The First Circuit Court of Appeals affirmed the Trial Court’s ruling that granted summary judgment in a premises liability case filed following an accident that occurred at the LSU Hilltop Arboretum. The Louisiana Supreme Court recently denied writs seeking review of the lower courts’ rulings. Keogh Cox attorneys, Brian T. Butler and C. Reynolds LeBlanc, defended the case.
In Hebert v. Louisiana State Univ. Sys. Bd. of Supervisors Through Louisiana State Univ., the plaintiff went to the LSU Hilltop Arboretum to attend a wedding. Before the wedding, she went to the ladies’ room located in the outdoor pavilion area. The door to the restroom is controlled by an automatic door closer. The plaintiff alleged that the door began to close with “excessive force” when she exited the ladies’ room, and her finger was injured when it slid into the hinge-side of the door.
The plaintiff claimed the automatic door closer was defective because it was not properly adjusted at the time of the accident.
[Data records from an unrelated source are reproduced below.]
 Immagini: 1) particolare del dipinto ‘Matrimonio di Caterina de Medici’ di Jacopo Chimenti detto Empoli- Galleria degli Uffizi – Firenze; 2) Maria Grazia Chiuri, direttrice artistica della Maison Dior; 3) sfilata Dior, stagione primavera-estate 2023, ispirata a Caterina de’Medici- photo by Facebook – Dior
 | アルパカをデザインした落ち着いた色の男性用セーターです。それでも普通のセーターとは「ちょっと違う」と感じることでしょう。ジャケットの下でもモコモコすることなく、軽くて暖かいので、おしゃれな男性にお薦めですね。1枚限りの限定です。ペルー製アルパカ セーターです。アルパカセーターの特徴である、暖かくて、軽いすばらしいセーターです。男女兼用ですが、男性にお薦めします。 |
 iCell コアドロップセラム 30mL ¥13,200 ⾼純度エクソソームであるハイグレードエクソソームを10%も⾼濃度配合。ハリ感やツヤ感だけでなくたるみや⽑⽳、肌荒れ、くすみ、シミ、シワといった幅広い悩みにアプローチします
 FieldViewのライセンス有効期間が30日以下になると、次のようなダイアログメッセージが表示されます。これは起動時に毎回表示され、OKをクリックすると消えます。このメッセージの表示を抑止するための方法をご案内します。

The plaintiff retained an expert professional engineer to support her claims. The expert inspected the door and the door closer approximately 19 months after the incident. He testified that when he inspected the door, it was closing too fast, was out of adjustment, and had been improperly maintained. The plaintiff argued these findings showed the door was also defective at the time of the accident.
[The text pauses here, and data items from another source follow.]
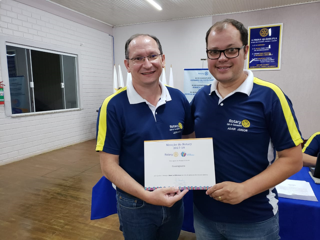 O presidente do Rotary Club de Guarapuava no ano rotário 2017-2018 o sr. Adair Mendes Junior recebeu das mão do atual presidente no ano rotário 2018-2019 o sr. Leonardo da Costa Santini o centificado de Menção do Rotary 2017-2018. Parabéns ao presidente Adair, a sua diretoria e a todos os companheiros que "Fizeram a Diferença" e continuam "Sendo a Inspiração.
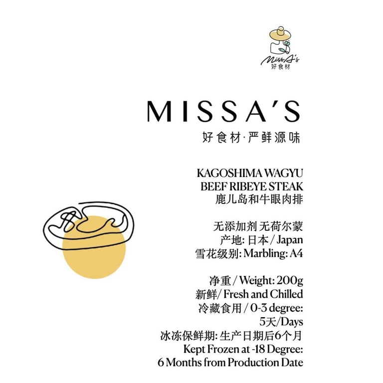 Kagoshima Wagyu Beef Ribeye Steak Marbling: A4 Grain-fed, antibiotic-free, no growth hormones Weight: 200g Storage in 0-3 degree: 7 Days Keep Frozen at -18 Degree: 6 Months from Production Date Production Place: Japan A4 grade with rich marbling and fine texture. Intramuscular fats provide a rich and nutty flavor while keeping the meat tender and moist. Great choice for steak cooking. 鹿儿岛和牛眼肉排 雪花级别: A4 谷饲牛排 无添加 无抗生素 无生长激素 自然饲养 产地: 日本鹿儿岛 A4品级牛排,含有丰富及分布均匀的脂肪 烹饪时内在油脂的融化赋予牛排极为丰富的风味和香气 保持肉块的鲜嫩多汁 是牛排烹饪的极佳选择 净重: 200g 冷藏食用: 7 天 冰冻保鲜期: 生产日期后6个月 Miss A’s Handpick Fine Food Fresh Japanese Wagyu Delivery Schedule: Order Paid Day : 1. Monday to Thursday Before 4pm —> 2 Days Later (4-7pm) 2. Friday Before 4pm —> Tuesday delivery (4-7pm) 3. Saturday & Sunday Full Day —> Wednesday delivery (4-7pm) 4. Public Holidays Full Day —> Orders considered as next working day All orders come in after 4pm will be considered as next working day order Disclaimer: - All our Japanese Wagyu are freshly cut and packed before shipping out to our customers, thus we need 2 days advance notice to ship out our meat.
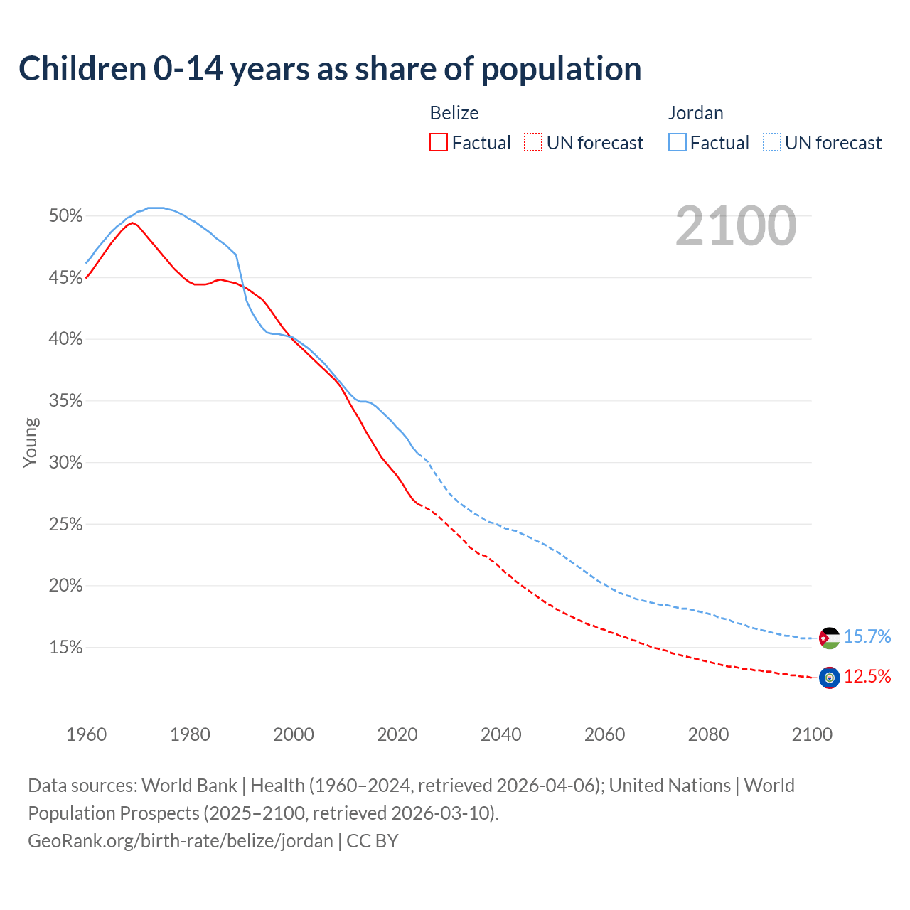 According to the latest available data on birth rates, the fertility rate in Belize was 2.01 children per woman in 2023, compared to 2.64 in Jordan in 2023. The replacement level is considered to be 2.1 children per woman.
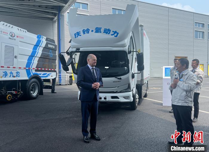 博世氫動(dòng)力系統(tǒng)(重慶)有限公司是朔爾茨訪渝首站參觀地。該公司由博世與慶鈴汽車(chē)合資建立,致力于將博世氫燃料電池解決方案引入中國(guó)市場(chǎng)。在參訪點(diǎn)入口,四輛冷鏈物流、環(huán)衛(wèi)及牽引車(chē)等依次停放。這些車(chē)全為中國(guó)國(guó)產(chǎn)汽車(chē),使用博世氫動(dòng)力系統(tǒng)(重慶)有限公司出產(chǎn)的氫動(dòng)力模塊。朔爾茨在企業(yè)相關(guān)負(fù)責(zé)人的介紹下,了解博世與中企合作的最新成果。在工作人員指引下,朔爾茨為完成預(yù)裝的氫動(dòng)力模塊拴緊最后一顆螺絲,向身邊工作人員豎起了大拇指。

The expert also said the doors should have been inspected and adjusted every six months. The plaintiff argued the alleged problem with the door would have been discovered if it was inspected as her expert recommended.
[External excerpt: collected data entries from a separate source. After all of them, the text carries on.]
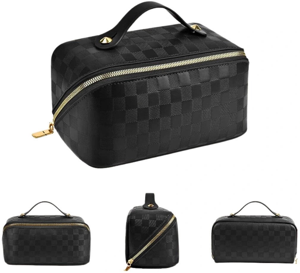 Dorim să vă prezentăm un produs foarte atractiv din oferta noastră, care este o geantă cosmetică neagră organizator elegant din piele ecologică. Acesta este un produs unic, care nu numai că vă poate servi pentru a vă depozita cosmeticele, dar poate fi și un accesoriu elegant pentru garderoba dumneavoastră.
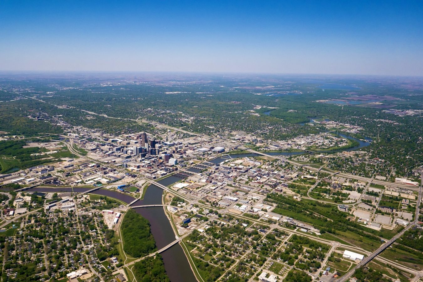 Aerial photo of Des Moines, Iowa from 10,000 feet May 6, 2017. USDA photo by Preston Keres licensed under Creative Commons Attribution-Share Alike 3.0 Unported license.
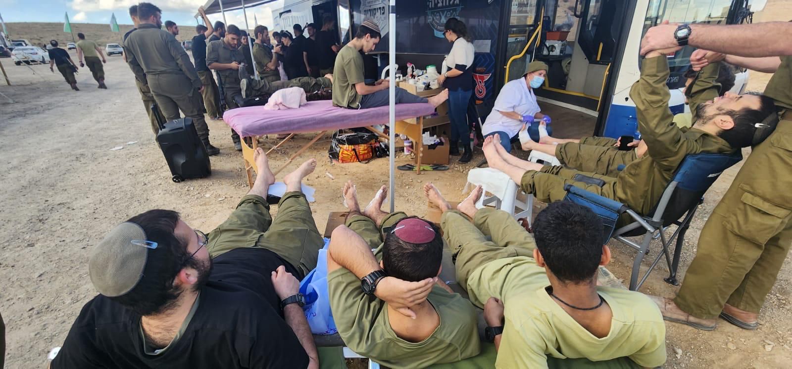 שירה מיגדל, בת 45, תושבת אבן יהודה, פדיקוריטסית רפואית במקצועה לא נחה לרגע, היא מגיעה לגבול רצועת עזה ומקבלת את הלוחמים שיוצאים מהרצועה לטיפול רגליים ופנים עמוק לאחר השבועות הארוכים בהם לא התקלחו, לא חלצו נעליים וחזרו מפויחים משדה הקרב.
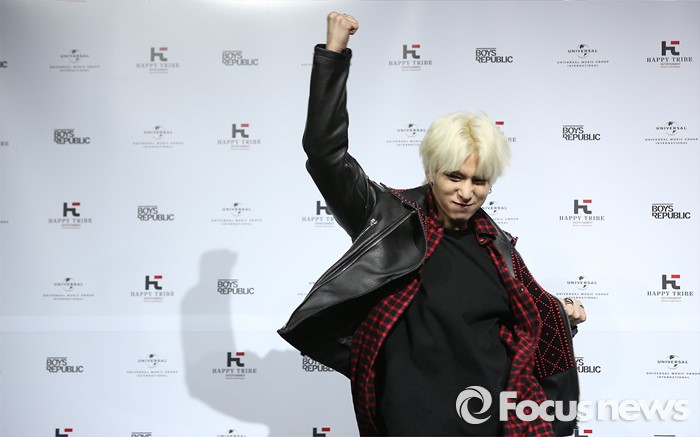 (서울=포커스뉴스) 30일 오후 서울 마포구 예스24 무브홀에서 열린 아이돌그룹 소년공화국의 세번째 미니앨범 [BR: evolution] 발표 쇼케이스에 참석한 멤버 민수가 포토타임을 갖고 있다.

Keogh Cox filed a Motion for Summary Judgment on behalf of the defendants. First, we argued the plaintiffs failed to produce evidence that the door was defective on the date of the accident. While the expert opined the door was defective when it was inspected nineteen months after the accident, the plaintiff had no evidence to show the alleged defect existed at the time of the accident. Keogh Cox asserted that the expert’s testimony claiming a defect was pure speculation. The court agreed and found the plaintiff failed to show the door presented an unreasonable risk of harm.
Second, we argued the plaintiff could not show LSU had prior notice that the door was defective at the time of the accident. As the door to the primary restroom on the premises, it was frequently used. There was no evidence of any prior complaints or reports of problems with the door before the accident. The plaintiff argued that notice could be found because LSU did not have a set inspection plan for the door as her expert recommended.
The court rejected this argument, stating “The opposite is true; in the absence of other facts such as recorded complaints about a defect or hazard, the lack of a plan of inspection implies that the public entity has no knowledge of dangerous defects or conditions.” Thus, the court found the plaintiff failed to show LSU had notice of the alleged problem with the door.
Reference:
Hebert v. Louisiana State Univ. Sys. Bd. of Supervisors Through Louisiana State Univ., 2025-0246 (La. App. 1 Cir. 11/7/25), 424 So. 3d 809, writ denied, 2025-01542 (La. 2/10/26), 425 So. 3d 1205.